> **DATA UNDER STUDY**:
******************************

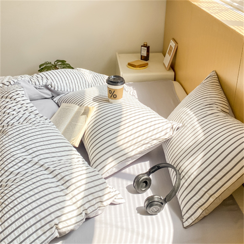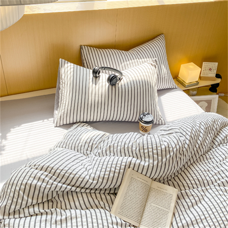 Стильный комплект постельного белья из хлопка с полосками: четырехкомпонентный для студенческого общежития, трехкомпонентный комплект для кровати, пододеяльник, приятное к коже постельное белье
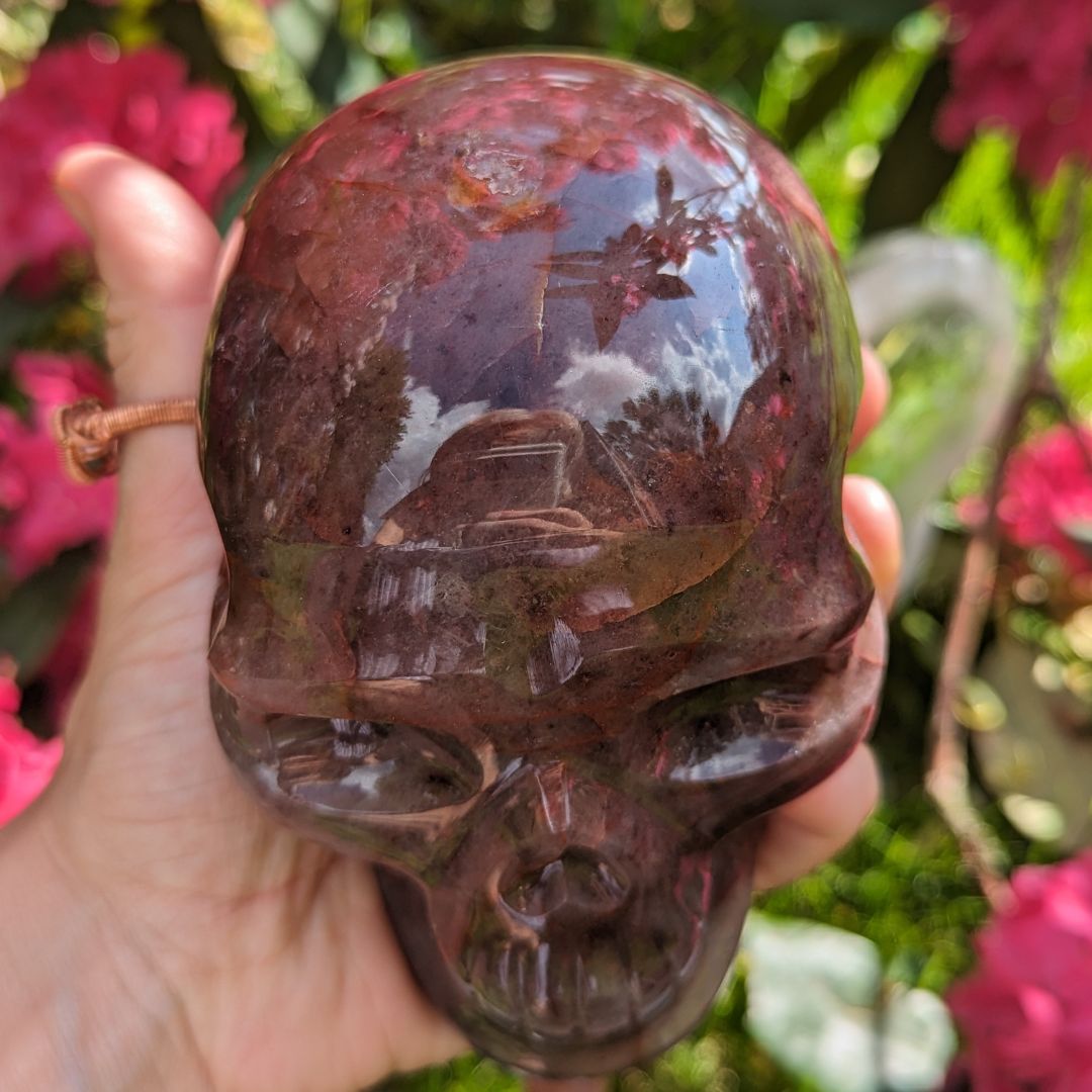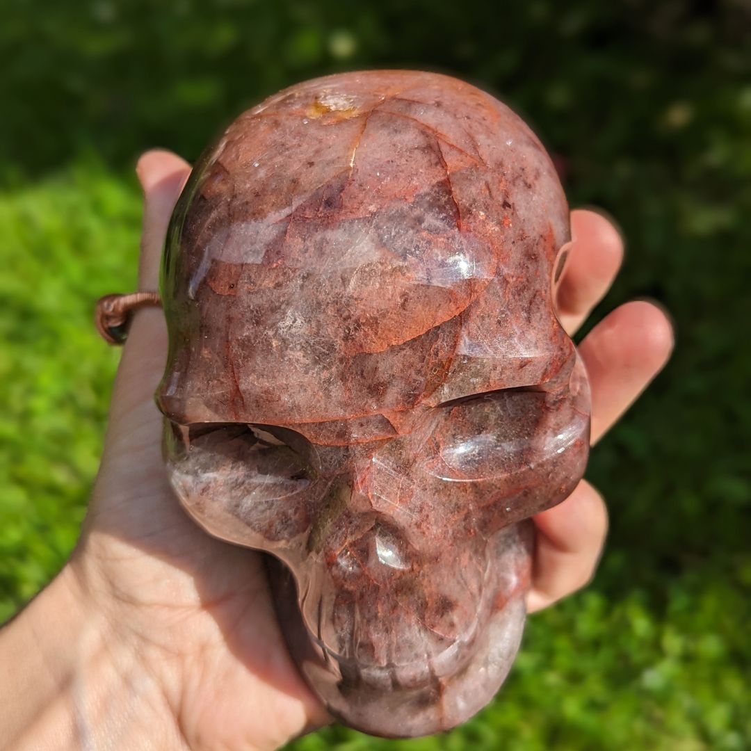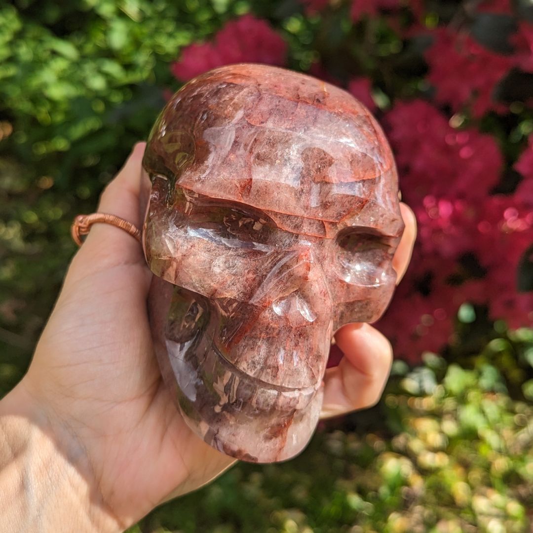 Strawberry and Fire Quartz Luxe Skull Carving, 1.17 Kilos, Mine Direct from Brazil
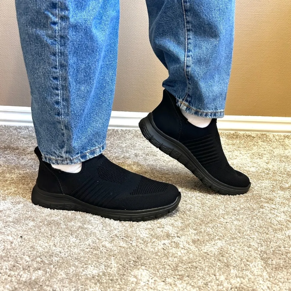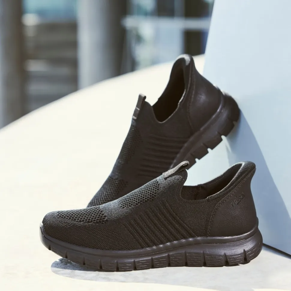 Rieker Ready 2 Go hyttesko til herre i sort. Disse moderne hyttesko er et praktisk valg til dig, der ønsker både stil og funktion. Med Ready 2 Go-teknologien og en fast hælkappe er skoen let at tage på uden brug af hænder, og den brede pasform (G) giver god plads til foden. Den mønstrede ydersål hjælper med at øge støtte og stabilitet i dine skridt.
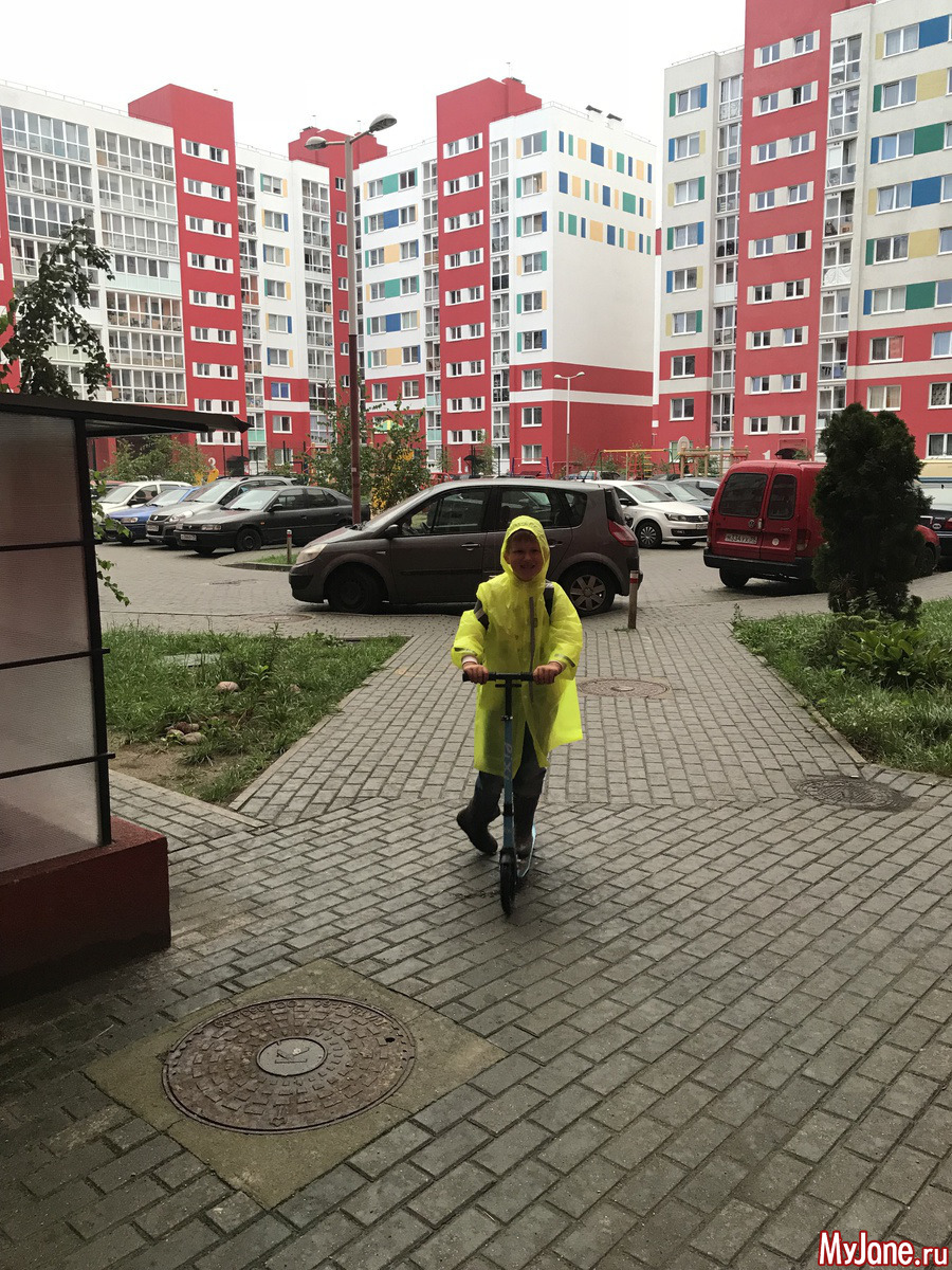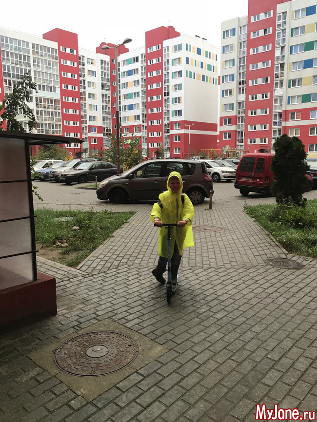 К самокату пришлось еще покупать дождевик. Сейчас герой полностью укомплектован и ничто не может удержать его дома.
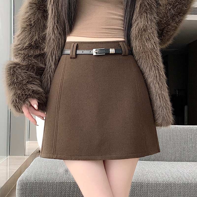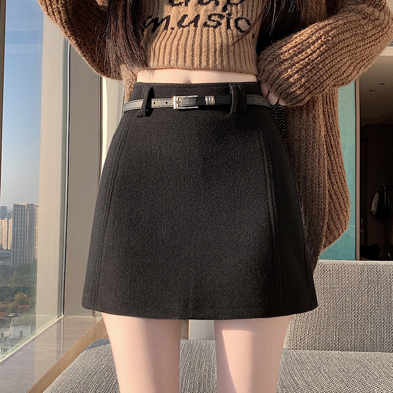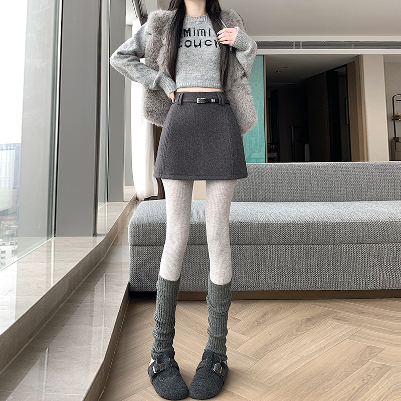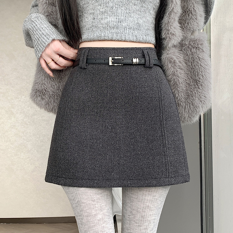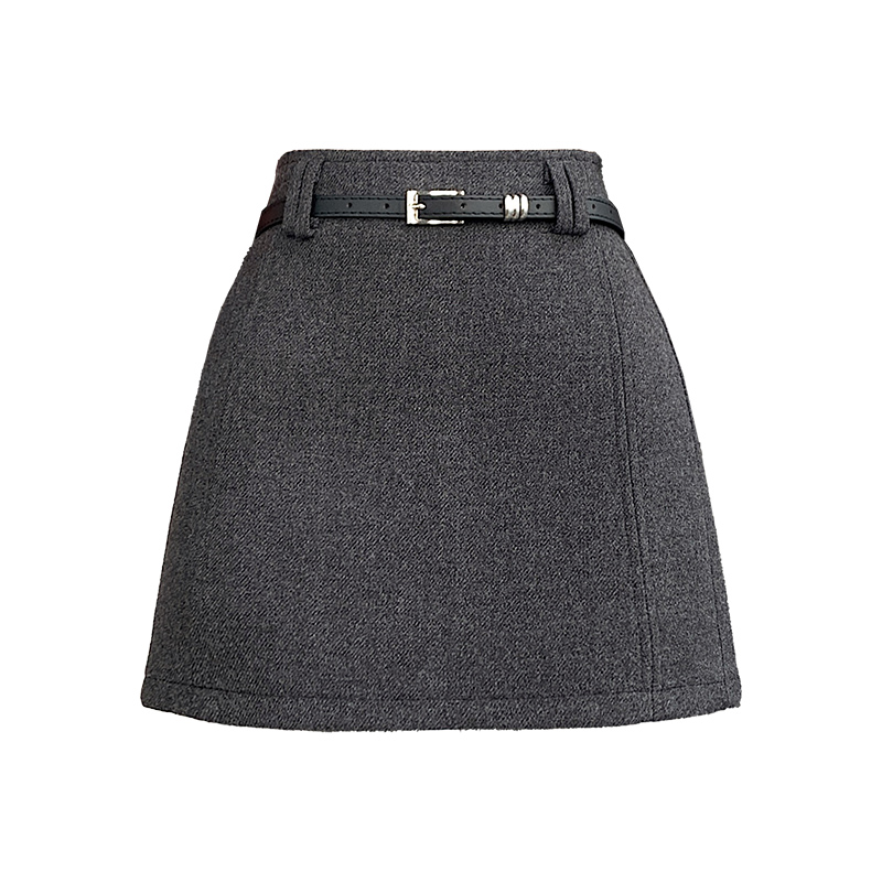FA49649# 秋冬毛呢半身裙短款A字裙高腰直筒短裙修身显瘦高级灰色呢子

******************************

> **WHAT YOU ARE ASKED TO DO**: What is needed is an exact copy of the lines from the start of the listing above through the line that holds "Strawberry and Fire", with the pictures left out.

> **OUTPUT**:
 Стильный комплект постельного белья из хлопка с полосками: четырехкомпонентный для студенческого общежития, трехкомпонентный комплект для кровати, пододеяльник, приятное к коже постельное белье
 Strawberry and Fire Quartz Luxe Skull Carving, 1.17 Kilos, Mine Direct from Brazil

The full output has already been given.